▶ **WHAT IS NEEDED**
What you return should be the complete listing, unchanged, with no pictures in it.

▶ **COLLECTED MATERIAL**
○ ○ ○ ○
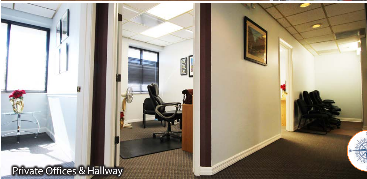
Private Offices & Hallway
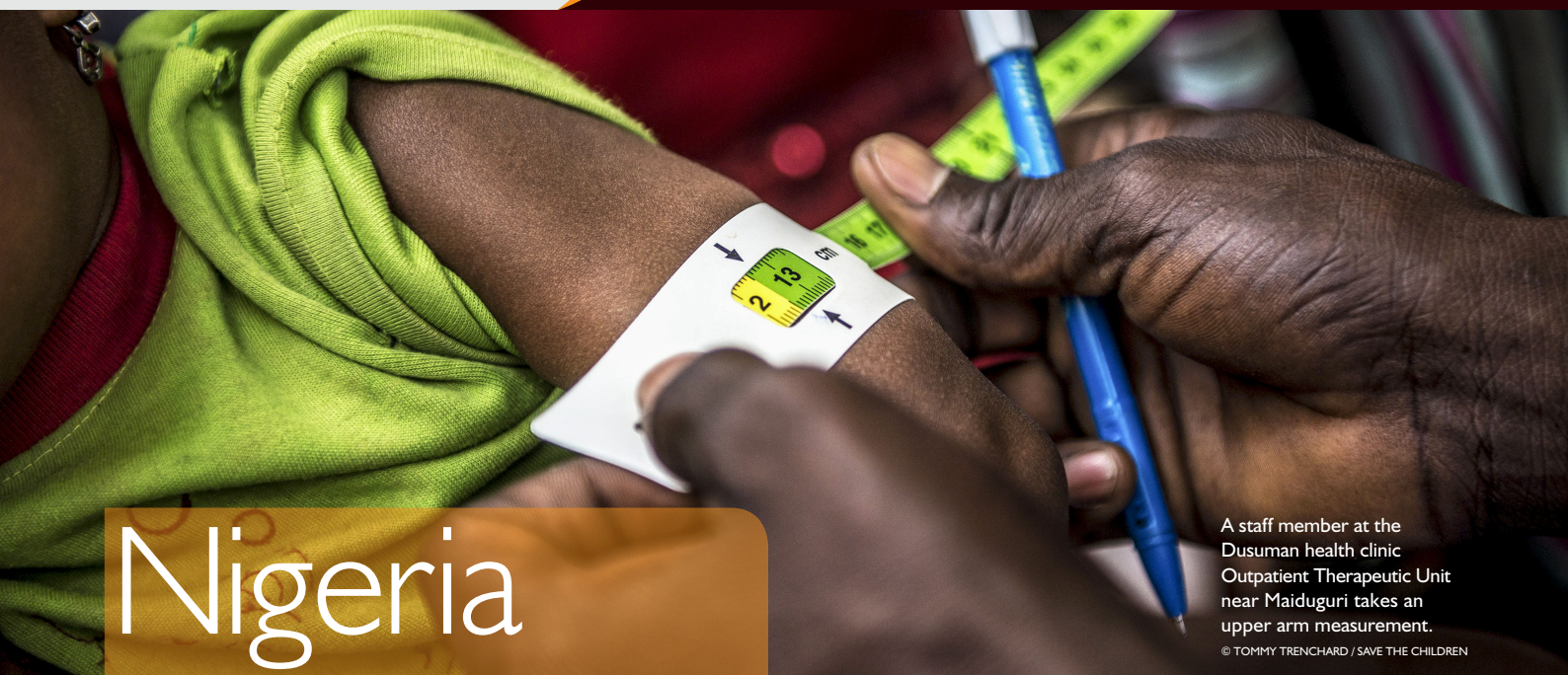
A staff member at the Dusuman health clinic Outpatient Therapeutic Unit near Maiduguri takes an upper arm measurement.
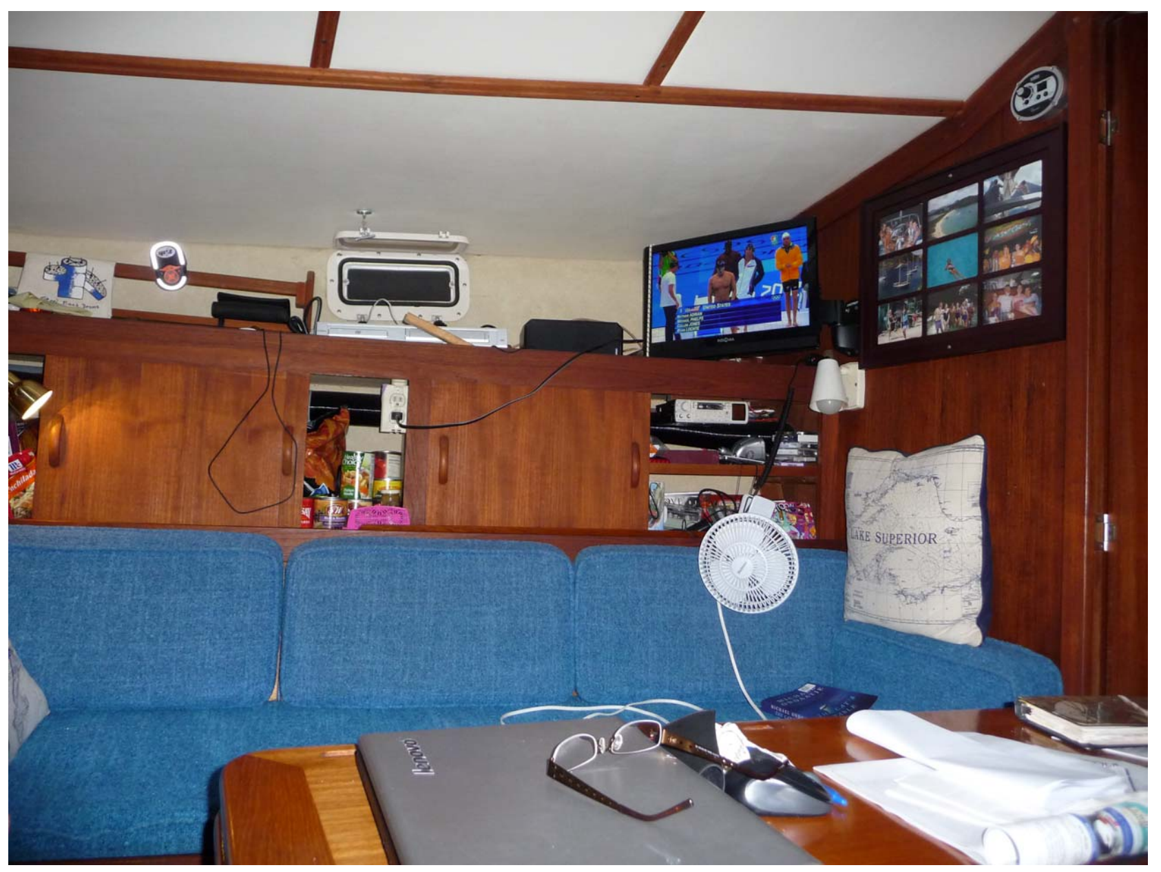
We're enjoying watching the Olympics on our boat. This was the men's aquatic relay race on July 29.
○ ○ ○ ○
▶ **REPLY TO THE EXERCISE**
Private Offices & Hallway
A staff member at the Dusuman health clinic Outpatient Therapeutic Unit near Maiduguri takes an upper arm measurement.
We're enjoying watching the Olympics on our boat. This was the men's aquatic relay race on July 29.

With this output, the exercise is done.